--- Data shown Enclosed Below ---

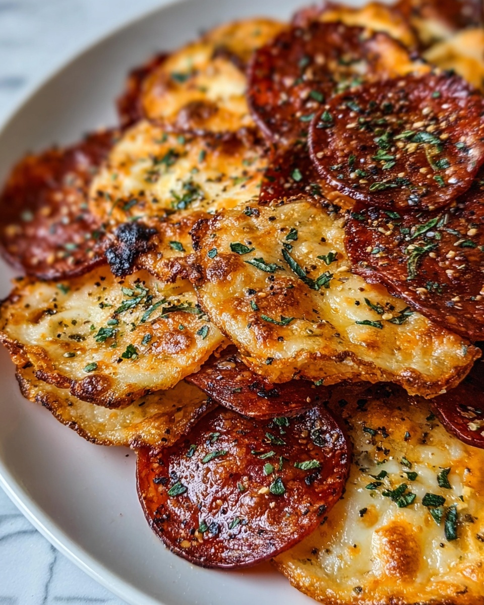 These Pizza Chips are a crispy and flavorful snack that encapsulates all the deliciousness of pizza in bite-sized form. Ideal for parties, casual get-togethers, or a cozy night in, they are quick to prepare, customizable, and perfect for dipping in warm pizza sauce.
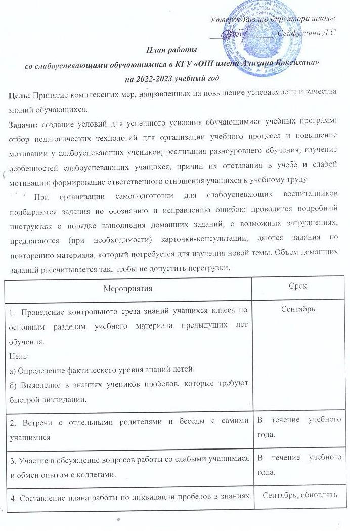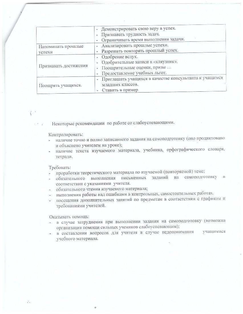 План работы со слабоуспевающими детьми
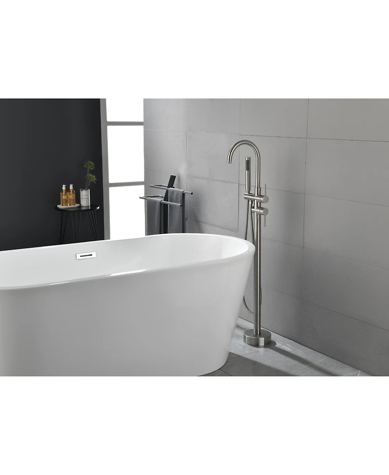 This freestanding tub filler combines modern design and reliable performance for your bathroom. It features a 360degree(s) swivel spout and a handheld shower, making it easy to rinse the tub or clean after bathing.With a convenient control knob, you can smoothly switch between the tub spout and handheld shower to suit your daily needs. Made of high-quality material, this faucet is rust-resistant and corrosion-resistant, ensuring long-lasting durability.The high-quality aerator delivers a soft, steady water flow with rich bubbles, effectively preventing splashing and reducing water impact while providing a comfortable and water-saving experience.
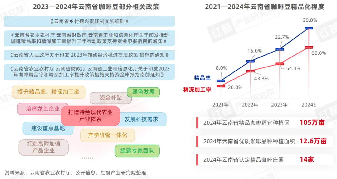 云南當(dāng)?shù)卣疄榭Х榷巩a(chǎn)業(yè)的發(fā)展提供了政府扶持,近些年出臺(tái)了不少針對(duì)性政策,在提升咖啡豆精品率、精深加工率、培育龍頭企業(yè)、建設(shè)重點(diǎn)基地、綠色發(fā)展等方面提供政策與資金支持,以協(xié)同創(chuàng)新的方式,產(chǎn)學(xué)研管一體化推進(jìn)云南咖啡豆產(chǎn)業(yè)全鏈條發(fā)展。

--- End of Enclosed Data shown ---

#### What you are asked to do:
Each line above should be output exactly, apart from the pictures.

#### Result of the exercise:
 These Pizza Chips are a crispy and flavorful snack that encapsulates all the deliciousness of pizza in bite-sized form. Ideal for parties, casual get-togethers, or a cozy night in, they are quick to prepare, customizable, and perfect for dipping in warm pizza sauce.
 План работы со слабоуспевающими детьми
 This freestanding tub filler combines modern design and reliable performance for your bathroom. It features a 360degree(s) swivel spout and a handheld shower, making it easy to rinse the tub or clean after bathing.With a convenient control knob, you can smoothly switch between the tub spout and handheld shower to suit your daily needs. Made of high-quality material, this faucet is rust-resistant and corrosion-resistant, ensuring long-lasting durability.The high-quality aerator delivers a soft, steady water flow with rich bubbles, effectively preventing splashing and reducing water impact while providing a comfortable and water-saving experience.
 云南當(dāng)?shù)卣疄榭Х榷巩a(chǎn)業(yè)的發(fā)展提供了政府扶持,近些年出臺(tái)了不少針對(duì)性政策,在提升咖啡豆精品率、精深加工率、培育龍頭企業(yè)、建設(shè)重點(diǎn)基地、綠色發(fā)展等方面提供政策與資金支持,以協(xié)同創(chuàng)新的方式,產(chǎn)學(xué)研管一體化推進(jìn)云南咖啡豆產(chǎn)業(yè)全鏈條發(fā)展。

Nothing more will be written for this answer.